┏━━
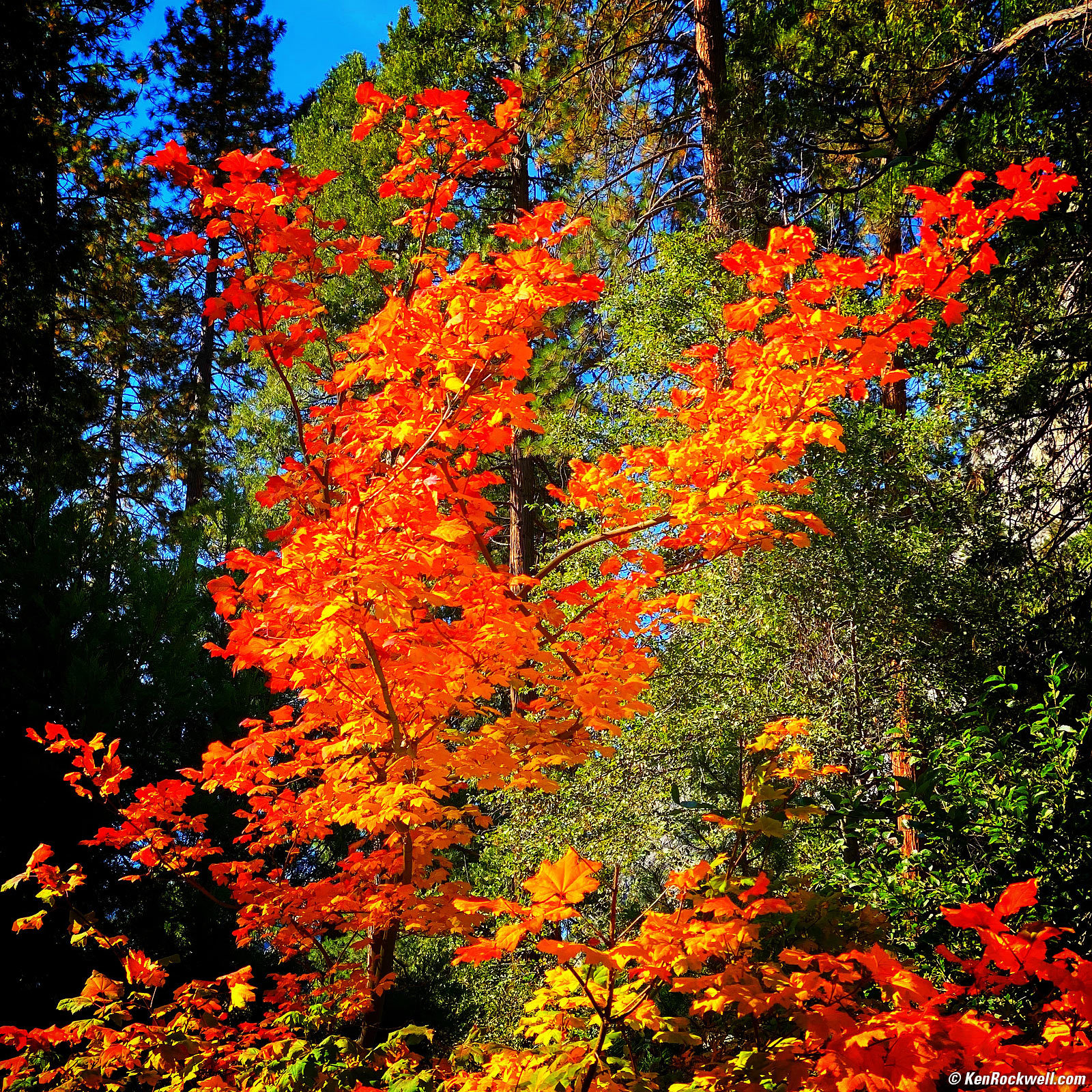 Flaming Maple Tree, Yosemite Valley, Yosemite National Park, California, 10:45 A.M., 20 October 2019. Apple iPhone 11 Pro Max, 6mm long camera (52mm equivalent) at f/2 at 1/384 at Auto ISO 20 (LV 12.9). bigger.
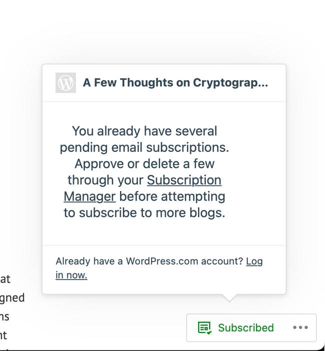 So, you do get a wordpress.com implicitly after you confirm the subscription, but it's not getting in the way too much.
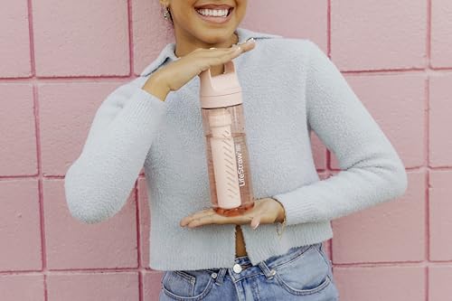 زجاجة مياه بفاتر من سلسلة جو خالية من مادة بيسفينول أ للسفر والاستخدام اليومي تزيل البكتيريا والطفيليات وجزيئات البلاستيك الدقيقة وتحسن الطعم من لايف سترو، لون كرزي بلوسوم بينك، سعة 650 مل
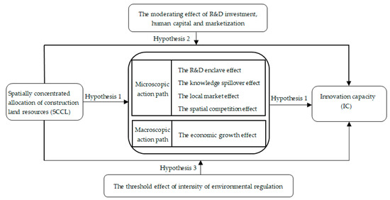 Thirdly, there is the local market effect. SCCL will lead to the agglomeration of diverse-demand populations and industrial economic activities in central cities, forming a local market effect and stimulating innovation [28,29]. On the one hand, large-scale local diversified market demand can provide enterprises with a broad market space, which spurs enterprises to actively innovate, augment investment in R&D, develop new products and conduct research on new technologies to meet the diversified demands of the local market. At the same time, diversified market demand will also give birth to new enterprises and foster various new business forms. On the other hand, a large-scale market can provide enterprises with a basis for demand information for technological innovation. A large number of diverse local consumers can provide timely feedback to enterprises, and enterprises can improve their products based on the feedback information, thereby stimulating continuous innovation.
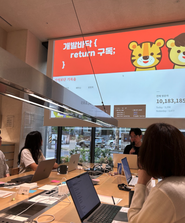 업무 환경 - 이런 활동을 통해서 일면식도 없던 분들과 어떤 환경에서 일하고 있는지 듣고, 교류 했다.
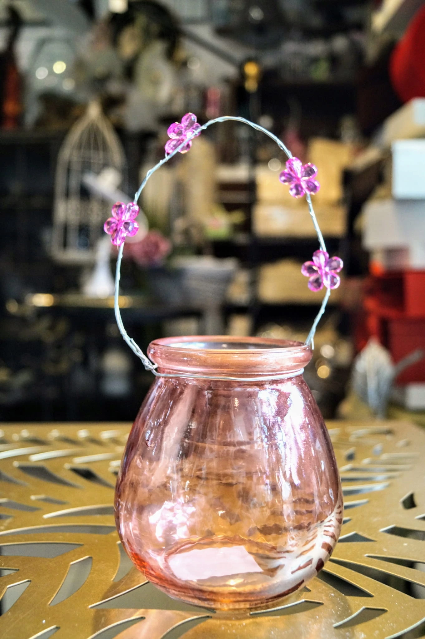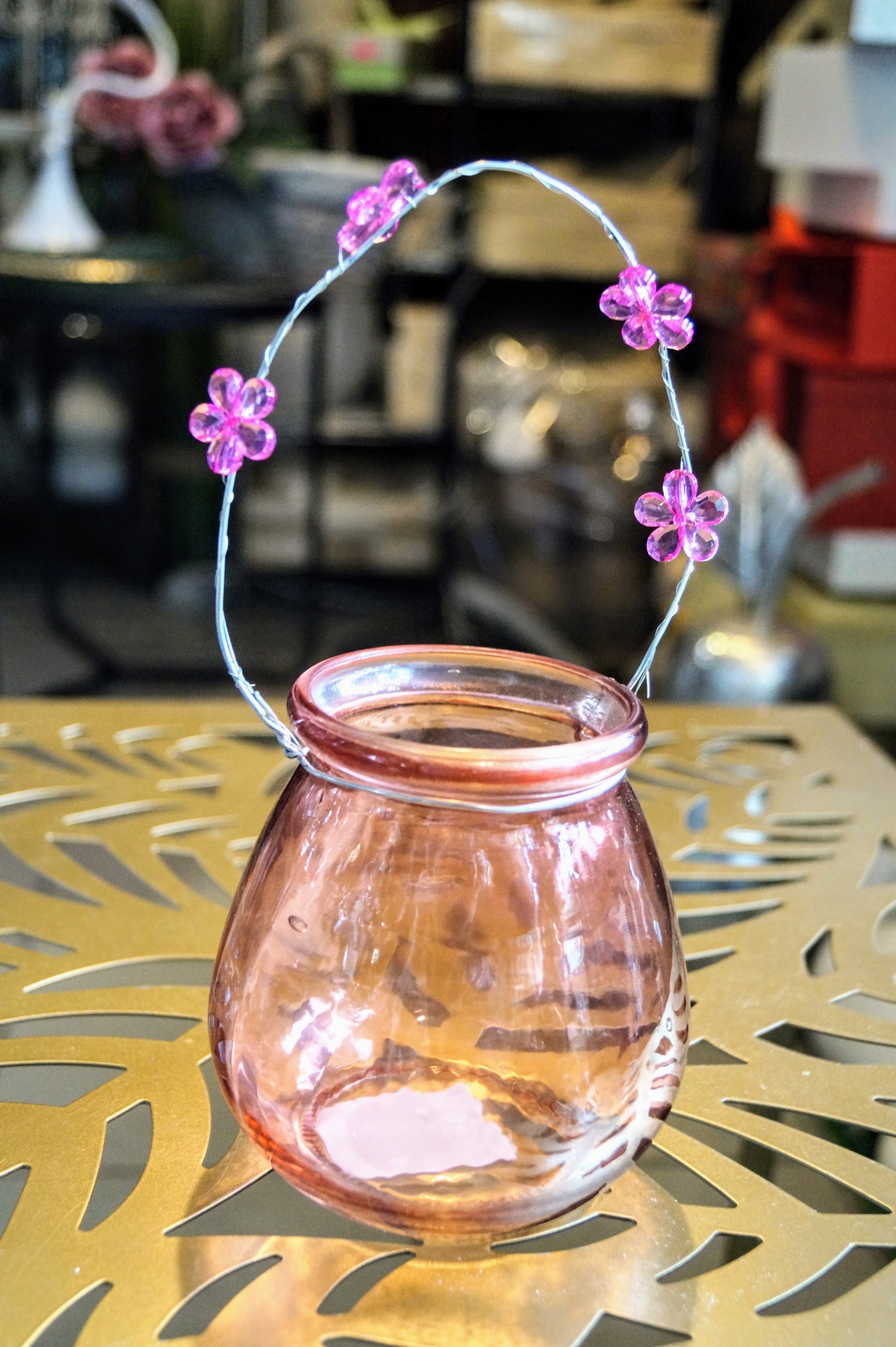ŚWIECZNIK SZKLANY RÓŻOWY
┗━━
**Exercise description:**
A verbatim transcription of the listing is expected, with no pictures included.

**Response to the exercise:**
 Flaming Maple Tree, Yosemite Valley, Yosemite National Park, California, 10:45 A.M., 20 October 2019. Apple iPhone 11 Pro Max, 6mm long camera (52mm equivalent) at f/2 at 1/384 at Auto ISO 20 (LV 12.9). bigger.
 So, you do get a wordpress.com implicitly after you confirm the subscription, but it's not getting in the way too much.
 زجاجة مياه بفاتر من سلسلة جو خالية من مادة بيسفينول أ للسفر والاستخدام اليومي تزيل البكتيريا والطفيليات وجزيئات البلاستيك الدقيقة وتحسن الطعم من لايف سترو، لون كرزي بلوسوم بينك، سعة 650 مل
 Thirdly, there is the local market effect. SCCL will lead to the agglomeration of diverse-demand populations and industrial economic activities in central cities, forming a local market effect and stimulating innovation [28,29]. On the one hand, large-scale local diversified market demand can provide enterprises with a broad market space, which spurs enterprises to actively innovate, augment investment in R&D, develop new products and conduct research on new technologies to meet the diversified demands of the local market. At the same time, diversified market demand will also give birth to new enterprises and foster various new business forms. On the other hand, a large-scale market can provide enterprises with a basis for demand information for technological innovation. A large number of diverse local consumers can provide timely feedback to enterprises, and enterprises can improve their products based on the feedback information, thereby stimulating continuous innovation.
 업무 환경 - 이런 활동을 통해서 일면식도 없던 분들과 어떤 환경에서 일하고 있는지 듣고, 교류 했다.
ŚWIECZNIK SZKLANY RÓŻOWY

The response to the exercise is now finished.